Garden of Delights
nytheatre.com q&a preview by Kaylin Lee Clinton
November 7, 2012
What is your job on this show?
Actor.
When did you know you wanted to work in the theater, and why?
My parents remember the early performances: apparently at the age of two, I stood up in the middle of the public baby pool and belted out "Suddenly Seymour" while clouds of yellow billowed forth around me. A colleague recently suggested that this was early "performance art," and that I should repeat the show. Here's looking at you, Washington Square Park fountain!
Things came into crystal clear focus, however, when I saw a touring company of "Les Miz" at the age of six. As soon as Young Cosette walked on that stage, I was profoundly jealous. I didn't realize this was something you could do! Let alone, that a KID could do! I went home and wrote snarky comments about her in my program.

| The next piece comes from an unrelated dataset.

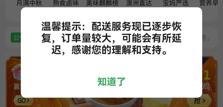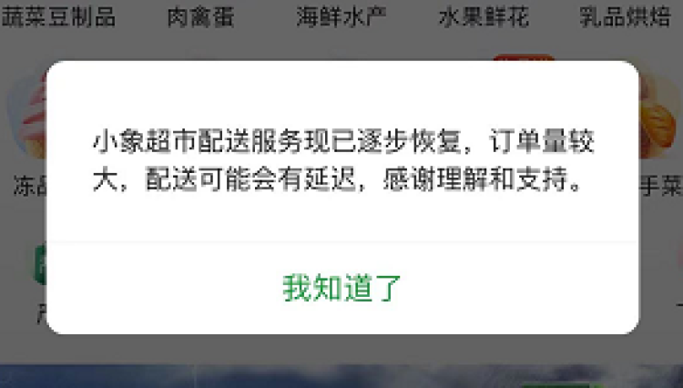 小象超市也显示,配送服务已逐步恢复,订单量较大,配送可能会有延迟。

I wonder if she's famous now.
Why do you do theater (as opposed to film, or TV, or something not in the entertainment field)?
I love working on film, and I also sing jazz and perform my own music, but theatre-- it stays with you because the only way you can take it with you and relive the experience is to add yourself to it. I remember seeing "Death of a Salesman" on Broadway in the '90s with Brian Dennehy and Elizabeth Franz, and being amazed at how the whole audience cried. How tissues were passed between strangers, and how everyone left the theatre reflecting-- not just on what they'd seen, but on themselves. It's that shared catharsis. Whenever I have the opportunity to be a conduit for some part of that, I feel-- right in this world.

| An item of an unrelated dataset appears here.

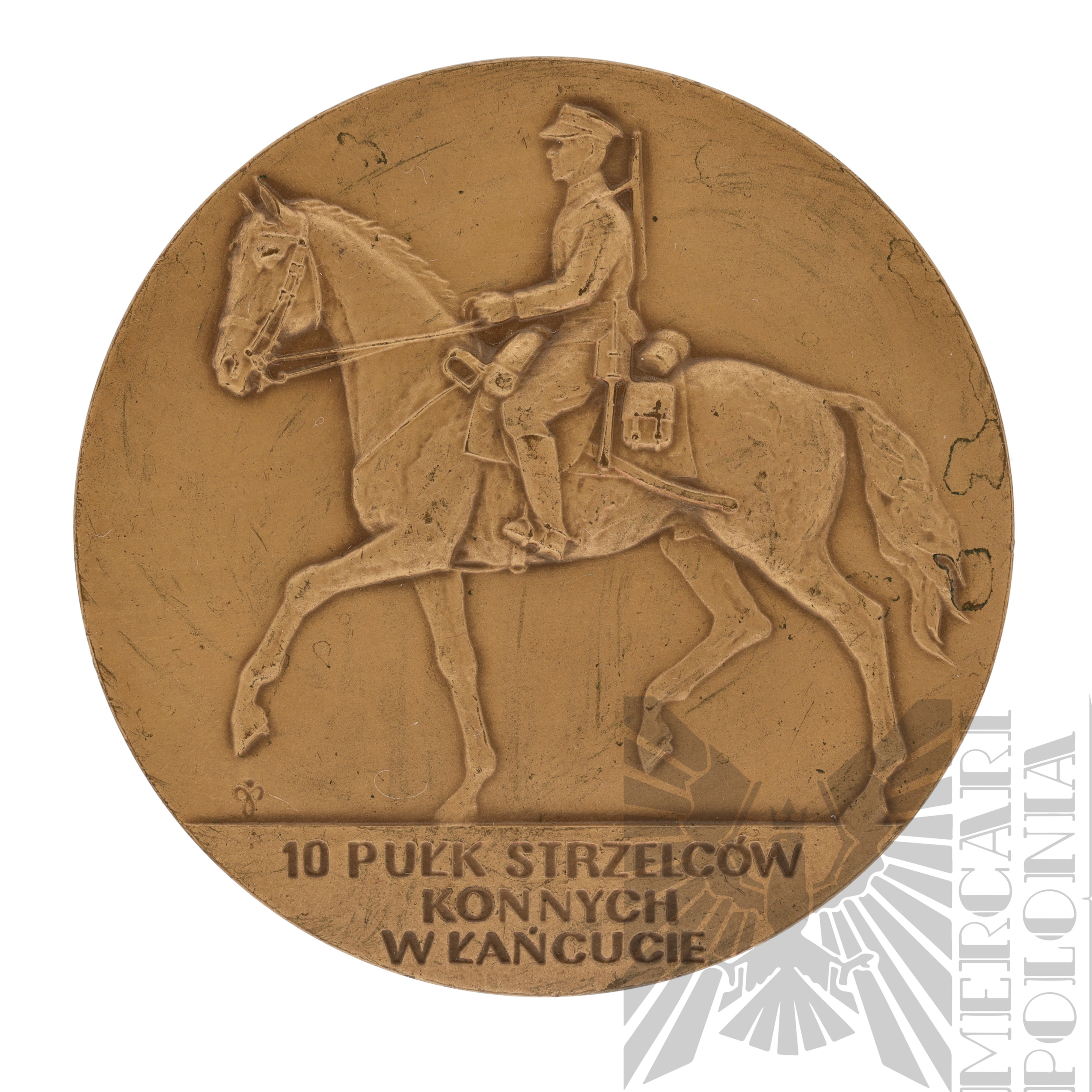 Na awersie znajduje się wizerunek kawalerzysty w pełnym umundurowaniu, jadącego na koniu w pozycji stępa, co symbolizuje żołnierską gotowość i tradycję kawaleryjską pułku. Poniżej umieszczony jest napis „10 PUŁK STRZELCÓW KONNYCH W ŁAŃCUCIE”, identyfikujący jednostkę, której medal jest poświęcony.

Do you think the audience will talk about your show for 5 minutes, an hour, or way into the wee hours of the night?
Here's what I predict: five minutes after this show, the audience may experience some confusion. They will feel a visceral reaction to what they've seen, but they won't know why. An hour later, they may start to wonder and discuss what in the play was real, what was not real, which parts of the play were true. In the wee hours of the night, they'll realize that their dreams give surreal representations of their feelings and memories, just like this play. This play is one that will infect the mind. It has mine!

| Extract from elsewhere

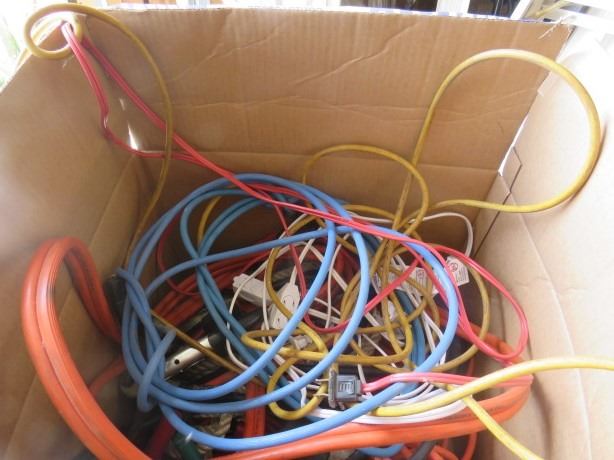 LOT OF ELECTRICAL ITEMS (BOOSTER CABLES, ELECTRICAL CORDS, FAN, FLASHLIGHTS, ETC)

Groucho, Chico, Harpo, or Zeppo?
This play is Harpo. Dressed up like Groucho. Doing a fabulous mirror routine with an exaggerated fun-house mirror.
If you had ten million dollars that you had to spend on theatrical endeavors, how would you use the money?
Oh man. I'd pay salaries for really great teachers to go live and create theatre programs in schools all over this country. And maybe some other countries, too. Then I'd send up a fund to create exchange conferences between all those theatre programs. Finally, I'd set up an end of the year trip for students to visit Bali and see theatre that's used as an integral part of daily life. Do I have any money left? Can I quit my day job, too?